Bottom line, it came down to me being really angry and making the comment about that this year had been the year of two dick and an ass, not really meaning it to come out that way but it is that way with two dicks and an ass. The questions I have for you, do guys really think we're that stupid? Do they think that they can woo a young lady, yet on the other hand have another young lady in there pockets and think it's OK that as long as they don't meet or know about each other that it will be all right? It makes me wonder what is the world coming to that there's so many dicks out there that a girl can't get a break. Obviously "it happens"!! No wonder there's so many single women in the world. My heart goes out to any girl who stuck with a dick like that. This concludes the ass portion of the story.

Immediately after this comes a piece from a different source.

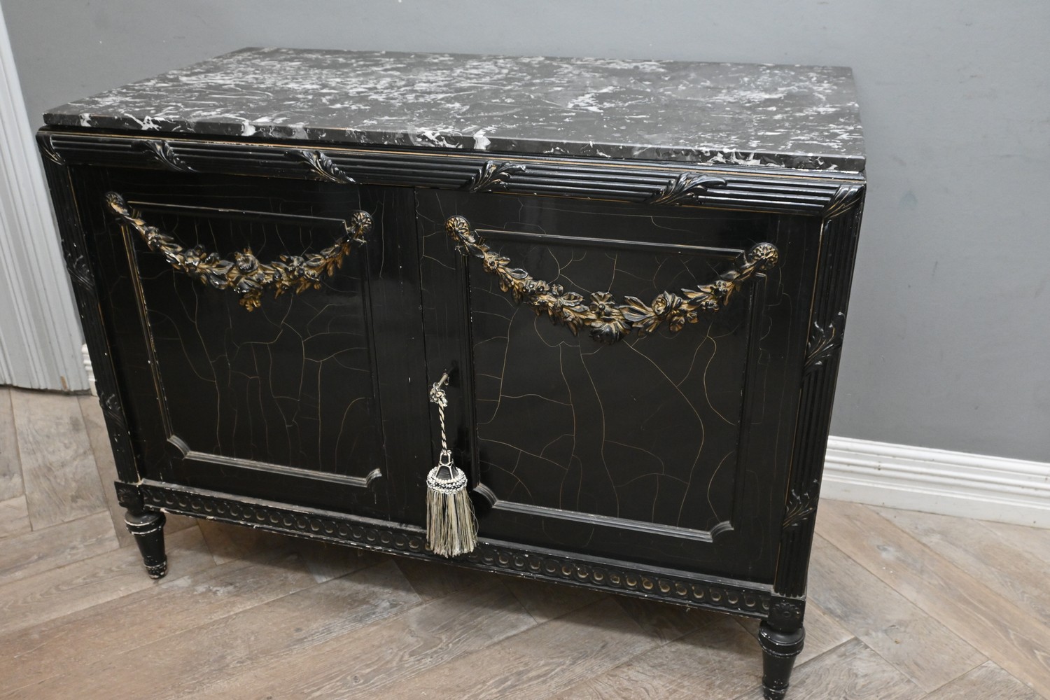A LATE 19th CENTURY FRENCH MARBLE-TOPPED EBONISED SIDE CABINET IN LOUIS XVI MANNER (88H X 117W X 60D CM) (PLEASE NOTE THIS HEAVY ITEM MUST BE REMOVED BY CARRIERS AT THE CUSTOMER'S EXPENSE. LEONARD JOEL STAFF CANNOT ASSIST CARRYING THIS ITEM) (X-LARGE ITEM)

Now on to Dick, who I'm sure is a lovely man deep down inside somewhere, but I find him offensive, lewd, angry, insulting, demeaning to women. I want to rip his nuts off and stick them up his nostril hairs, and yet we are taught as members of the church to be kind and loving to our enemies, not that I think of him as an enemy but he certainly is a boy toy that none of us want or should have in our life at all. Until this dick gets his life in order and starts treating ladies the way the should be treated, even if they are just friends, he'll die and old shrivelled man alone......it happens. I really don't get guys, do they really think that we don't talk to each other?

Thanks for flying the Silent Panda United Air of disgruntled females. I will be back on my soap box when the next occasion calls for it, which shouldn't be too long with the number of dicks and asses in the world. Until then this is the Silent Panda saying good night.